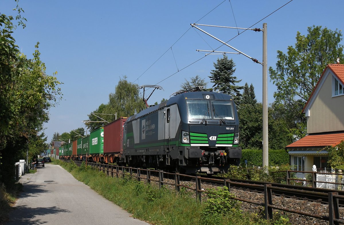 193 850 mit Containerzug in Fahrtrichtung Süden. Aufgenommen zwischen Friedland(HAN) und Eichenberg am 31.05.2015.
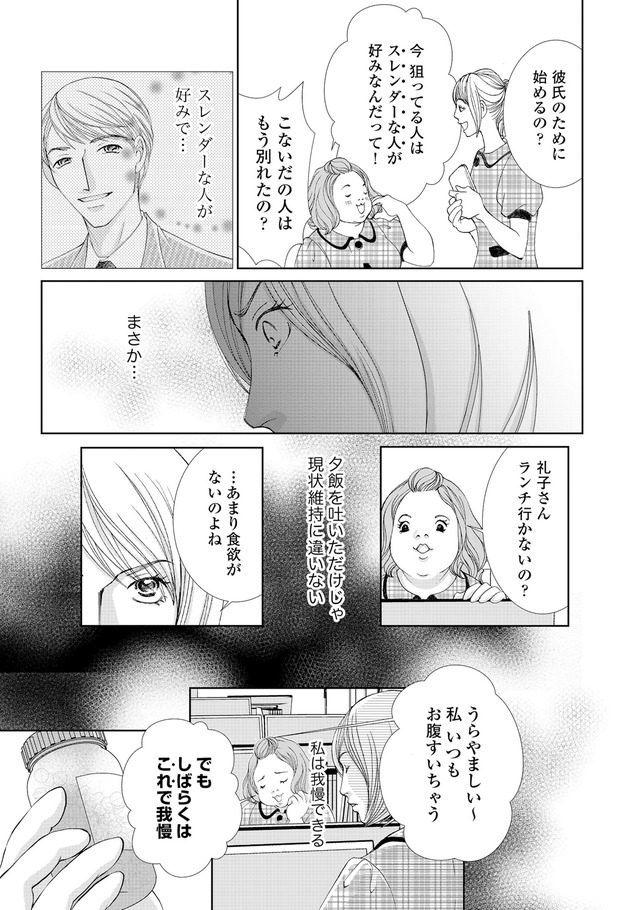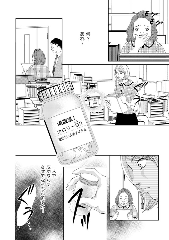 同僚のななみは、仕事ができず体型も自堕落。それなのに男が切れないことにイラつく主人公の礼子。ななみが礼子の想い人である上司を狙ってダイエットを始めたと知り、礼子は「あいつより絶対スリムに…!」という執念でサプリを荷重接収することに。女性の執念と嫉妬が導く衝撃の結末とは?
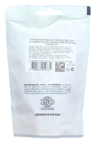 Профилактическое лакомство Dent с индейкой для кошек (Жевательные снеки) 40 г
——————
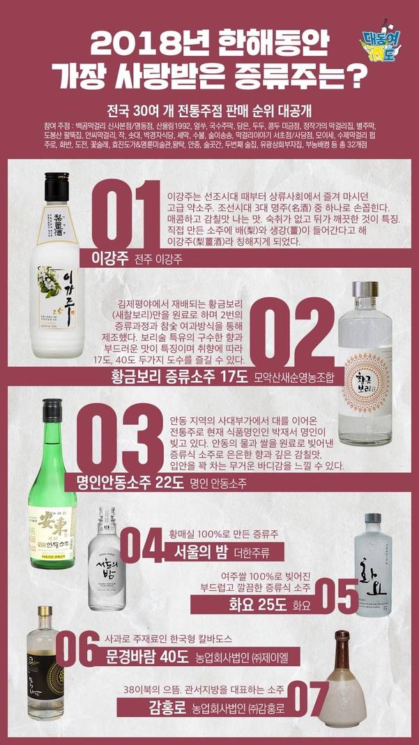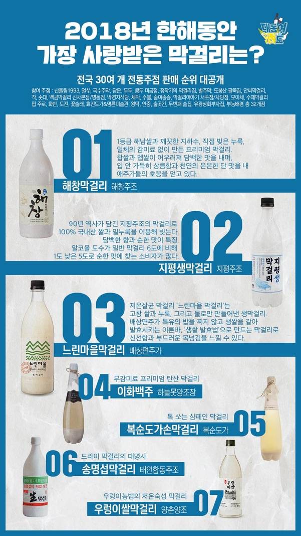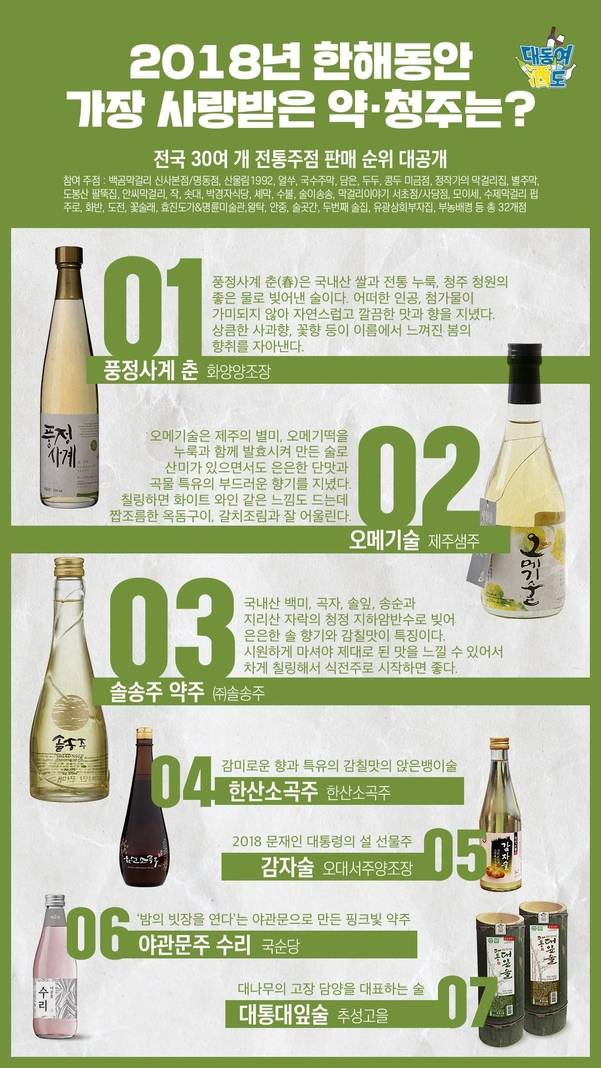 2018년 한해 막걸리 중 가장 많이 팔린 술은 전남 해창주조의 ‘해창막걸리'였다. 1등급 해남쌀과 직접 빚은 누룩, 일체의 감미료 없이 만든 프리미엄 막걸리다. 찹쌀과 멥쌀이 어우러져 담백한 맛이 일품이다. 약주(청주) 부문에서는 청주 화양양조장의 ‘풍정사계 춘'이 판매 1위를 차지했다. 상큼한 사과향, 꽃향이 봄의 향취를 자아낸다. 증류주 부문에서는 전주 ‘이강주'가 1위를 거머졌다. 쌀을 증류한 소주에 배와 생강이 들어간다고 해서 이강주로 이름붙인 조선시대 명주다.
——————
◆ Prompt
From the records above, return exactly the lines running from the one that contains "同僚のななみは、仕事ができず" down to the one that contains "Профилактическое лакомство Dent", both included, without any pictures.

◆ Written answer
 同僚のななみは、仕事ができず体型も自堕落。それなのに男が切れないことにイラつく主人公の礼子。ななみが礼子の想い人である上司を狙ってダイエットを始めたと知り、礼子は「あいつより絶対スリムに…!」という執念でサプリを荷重接収することに。女性の執念と嫉妬が導く衝撃の結末とは?
 Профилактическое лакомство Dent с индейкой для кошек (Жевательные снеки) 40 г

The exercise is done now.